We all want who and what we want, when we want it, and usually we want it right now!
But I’ve learned that our desire to try to control outcomes actually acts as a repellent to achieving our goals.
The alternative? Exercising patience. Practicing the art of surrender and staying detached from outcomes.
Surrendering to what is, and fully trusting that there is a plan far greater than ours working overtime behind the scenes. It’s a challenge of a lifetime and takes practice, but the rewards are so worth it.
This next P is Purpose:
Having a purpose greater than ourselves came up again and again in my research as a confidence booster.

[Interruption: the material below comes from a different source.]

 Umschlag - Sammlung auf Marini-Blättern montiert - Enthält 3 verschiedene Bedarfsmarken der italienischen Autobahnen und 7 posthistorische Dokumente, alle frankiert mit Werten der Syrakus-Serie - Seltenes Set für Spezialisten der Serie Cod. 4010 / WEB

On the days we lack inspiration or motivation to fully show up for ourselves, we can choose to show up for others or a cause greater than us.
Our purpose cuts through the noise.
To step into your purpose, ask yourself what energizes you, what gives your life meaning. What’s important to you right now and why?

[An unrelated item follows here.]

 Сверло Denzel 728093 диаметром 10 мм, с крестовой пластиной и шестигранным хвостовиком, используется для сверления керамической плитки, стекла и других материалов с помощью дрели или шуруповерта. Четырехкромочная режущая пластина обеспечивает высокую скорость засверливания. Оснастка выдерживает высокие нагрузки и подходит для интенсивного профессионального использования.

What is the purpose that you haven’t allowed to break through the noise?
Often, I hear from people that they “don’t have time” to lean into their purpose. What I tell people is, you know what? It’s not about you. You have a gift, you have a talent, you have something that nobody else has, and you owe it to the world to share it.
So if you can’t do it for yourself, do it for your family, your organization, a cause greater than you. Maybe you need to write the book. To start your own charity or platform. Something that I ask my clients a lot is, is it that you don’t have enough time or is this not a clear priority?
Preparation is the 4th P:
Being prepared breeds confidence directly and it leads to improved outcomes, which also boost confidence.
My swim coach Larry Lyons used to say, “If you take care of the little things, the big things will take care of themselves.”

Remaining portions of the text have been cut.